Playing the Indian Card

Friday, July 10, 2020

Taking a Break from the Apocalypse to Speak of a Possible Return to Reason




As the world goes mad, it is soothing to contemplate the possibility of CANZUK, the proposed union of Canada, Australia, New Zealand, and the United Kingdom. A large part of this must be nostalgia—I am just old enough to have some memory of when the British Commonwealth still meant something. Although most of that sense probably came from old boys’ books I had inherited from two generations earlier, describing a world that was no longer there. As a mere boy myself, I did not necessarily know. But the return of a real, muscular Commonwealth feels to me like a return to reason.

One criticism levelled against the proposal to revive closer ties among the four dominions is that this union seems based on race—it does not include any of the “non-white” former colonies.

Apologists generally counter by pointing out that CANZUK would actually be less “white” than the EU, and nobody objects to the EU on this basis. And they argue that only these four nations qualify on economic grounds—other former parts of the British Empire are much poorer.

But to say as much is to concede a point that ought not be conceded. What is wrong with people uniting on the basis of a common ethnicity? When, in other words, did the nation-state become forbidden? And why has nobody else heard?

Since the decline of the great empires, countries have been organized on ethnic grounds; this was the progressive concept Wilson claimed the US had fought for with his Fourteen Points. The notion that a people had a right to self-determination was the primary argument against those empires. That it is of fundamental importance, a human right, that whoever runs your government be of the same genetic makeup as yourself—that this supersedes the need for either good government or democracy.
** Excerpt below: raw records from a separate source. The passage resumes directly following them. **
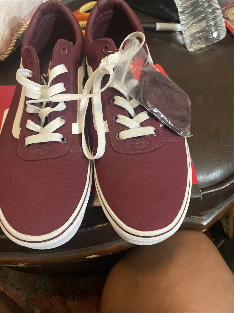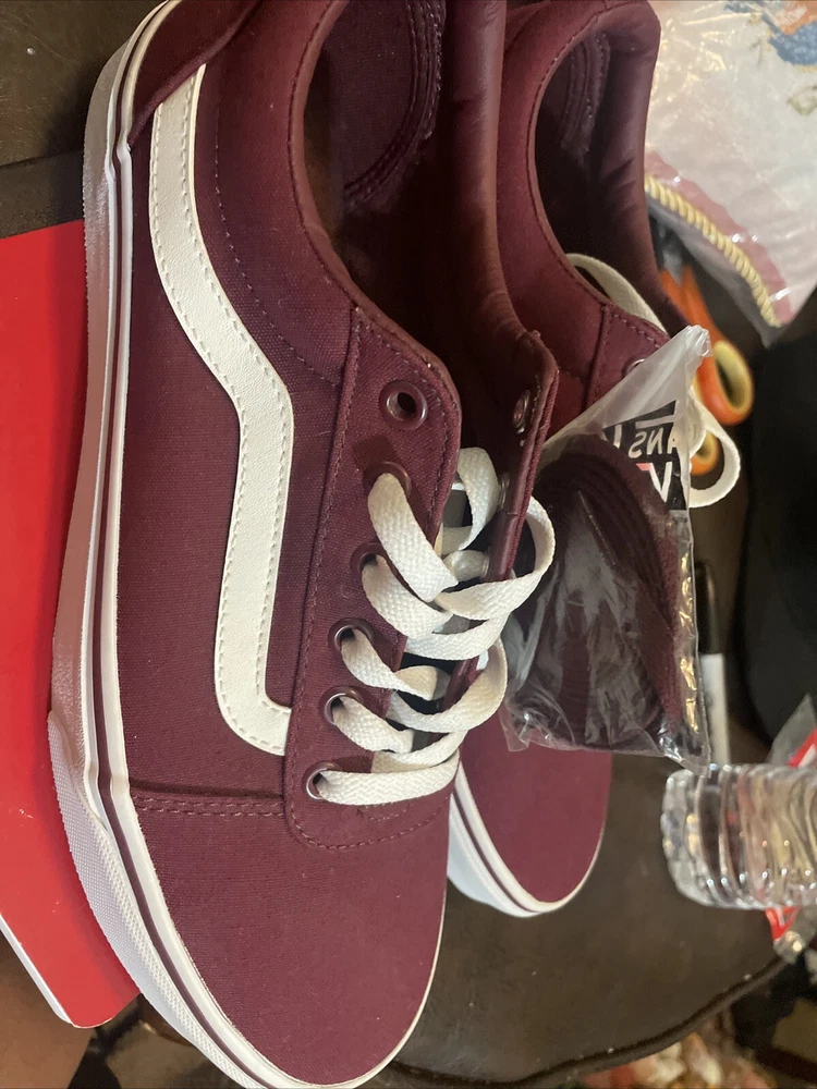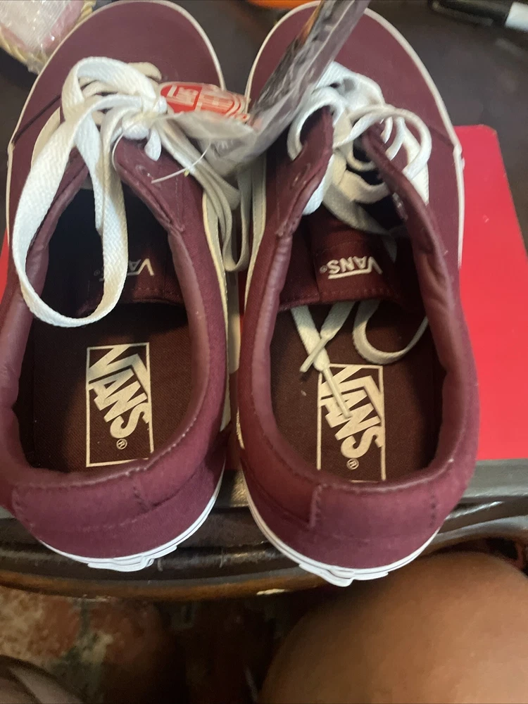 Elevate your skate style with these Vans Off The Wall Old School Women Shoes. The burgundy and white color combination will make you stand out in a crowd while the comfortable fit and athletic style will keep you going all day long. These sneakers are perfect for any woman who wants to add a touch of style to her wardrobe. With a US shoe size of 10, these sneakers are made for women who want to make a statement with their footwear. The Vans Off The Wall model is designed for women who love sneakers that are both stylish and functional. These sneakers are perfect for any woman who wants to add a touch of style to her wardrobe. The red color and athletic style make them perfect for any occasion. The sneakers are made for women who love sneakers that are both stylish and functional. The Vans Off The Wall Old School Women Shoes are the perfect addition to any woman's shoe collection.
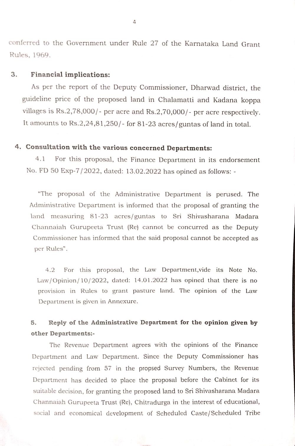 ಆರ್ಥಿಕ ಮತ್ತು ಕಾನೂನು ಇಲಾಖೆಯು ನೀಡಿರುವ ಎರಡೂ ಅಭಿಪ್ರಾಯಗಳನ್ನು ಕಂದಾಯ ಇಲಾಖೆಯು ಒಪ್ಪಿದೆ. ಆದರೂ 81.23 ಎಕರೆ ಮಂಜೂರು ಮಾಡುವ ಸಂಬಂಧ ತೀರ್ಮಾನ ಕೈಗೊಳ್ಳಲು ಸಚಿವ ಸಂಪುಟದ ಹೆಗಲಿಗೆ ವರ್ಗಾಯಿಸಿ ಕೈತೊಳೆದುಕೊಂಡಿರುವುದು ಪ್ರಸ್ತಾವನೆಯಿಂದ ತಿಳಿದು ಬಂದಿದೆ.
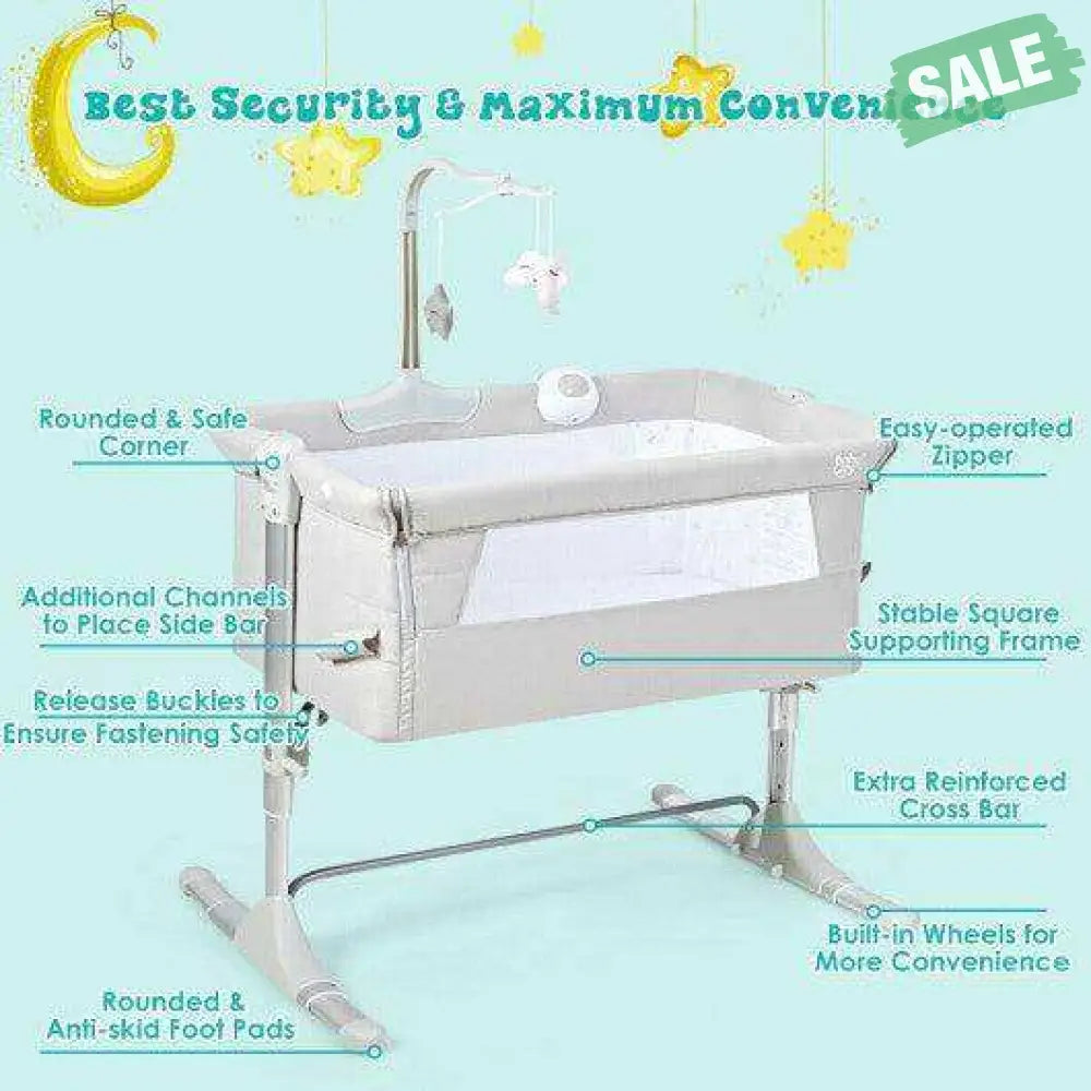 ● Enjoyment at Sleeping Time: A toy rack and a music box have been attached to the baby crib bringing much fun for the baby. Toys can help your baby practice grasping while the music box with light and soothing vibration can ease baby into sleep without nursing and improve the cognitive ability of the baby.

But this very principle is the most powerful argument for CANZUK: that it will reunite a single people, too long artificially divided. Back at the beginning of the 20th century, when the idea of an Imperial Federation was floated, the argument against was that distances and lack of intercommunication made this impractical. And so these lands went their separate ways. It clearly is no longer. There is no longer any reason for the British ethnicity, if we may call it that, to be kept apart.

The CANZUK countries accept the automatic citizenship of anyone born in that country. Try the same in most countries—try that in Saudi Arabia, or Korea, or Japan. Try it in Germany, or anywhere in Europe, until recently. In most countries citizenship is automatic only with the right ethnicity. Britishness is unusual in not being based on actual genetics, but on shared traditions. This is largely because the UK was always genetically and even ethnically diverse, a union of four distinct populations, English, Irish, Scottish, and Welsh. Just try telling a Scot he is English.

“British” ethnicity is thus a matter of the shared history, to some extent language, but primarily shared legal and government traditions, and shared allegiance to the British monarchy.

Shared legal and government traditions are the best reason possible for a partial reunification, and make the matter easy and natural.